Коляска медленно ехала через американский лагерь; на козлах сидел американский солдат. Сердце в груди Фредерики бешено стучало, она боялась поднять глаза и только крепче прижимала к себе детей. Сейчас на них посыпятся оскорбления, будут показывать пальцем…

— Гляди-гляди! — услышала она и втянула голову в плечи. — Какие славные девчушки!

Солдаты подходили, улыбались; некоторые протягивали сухари или кусочки сахара; Фредерика не отказывалась и благодарила. От палаток к ней быстро шёл высокий офицер средних лет, с внешностью и осанкой дворянина. Он стал вынимать девочек из коляски, целуя и обнимая каждую, а затем подал руку их матери, чтобы помочь ей сойти.

— Вы дрожите, — сказал он мягко, — не бойтесь ничего.

— Нет, что вы, — тонким голосом отвечала Фредерика, — вы так добры к моим детям, мне совсем не страшно.

Они вошли в палатку; там были генералы Бургойн и Филлипс, а это, надо полагать, генерал Гейтс; Ридезеля нет; сердце словно упало в колодец.

— Забудьте все ваши страхи, вашим мучениям пришёл конец, — сказал ей Бургойн.

— Я не стану тревожиться, раз командир спокоен.

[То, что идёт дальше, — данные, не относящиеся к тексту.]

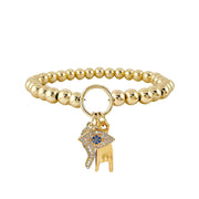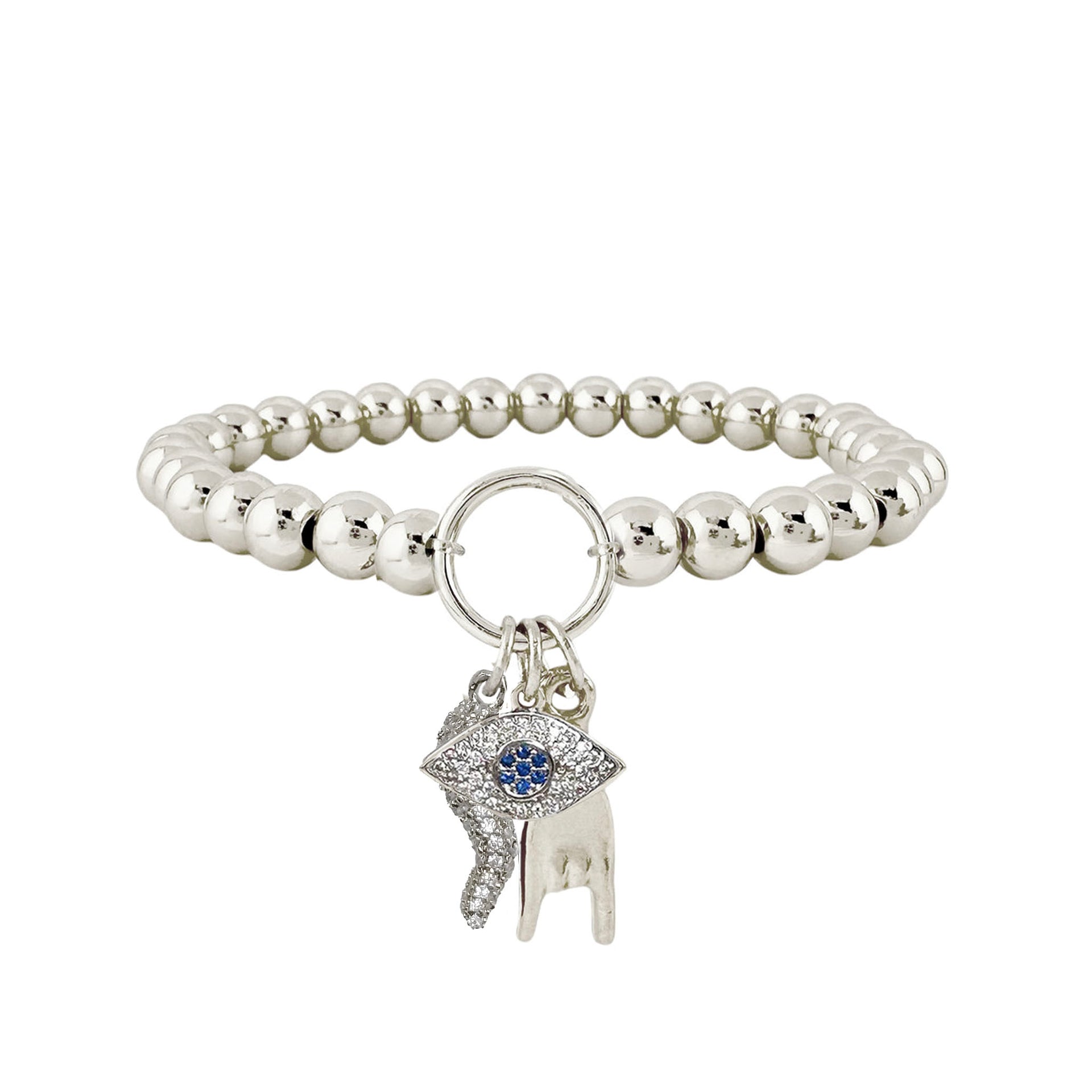 Smooth 6mm brass beads which are dipped in rhodium create a fuller look while remaining lightweight and comfortable. Three meaningful charms hang from a center ring: a red Italian horn for luck and protection, a sparkling evil eye believed to guard against negativity, and a mano charm symbolizing strength and guidance. Each charm moves freely, giving the bracelet natural motion and personal significance.

Вошёл Ридезель. Фредерика чуть не бросилась ему на шею, но сдержалась и лишь смотрела со счастливой улыбкой, как он целует дочек, которые ласкаются к нему. Только теперь она заметила, что в палатке накрыт стол; генерал Гейтс пригласил своих гостей разделить с ним трапезу.

Подбирать темы для разговора оказалось трудно. Фредерика пыталась вспомнить что-нибудь забавное. Вот в Лондоне, например, её приняли за француженку из-за покроя её платья, и уличные мальчишки принялись кидать в неё грязью! А когда они сошли на берег в Квебеке, возница-француз всю дорогу разговаривал с лошадьми: "Вперёд, мой принц, ради генерала! Fi, Madame!" Последнее баронесса приняла на свой счёт, тогда он объяснил, что это лошадь, негодница, выделывает свои фокусы… Мужчины улыбались, поощряя её рассказывать ещё.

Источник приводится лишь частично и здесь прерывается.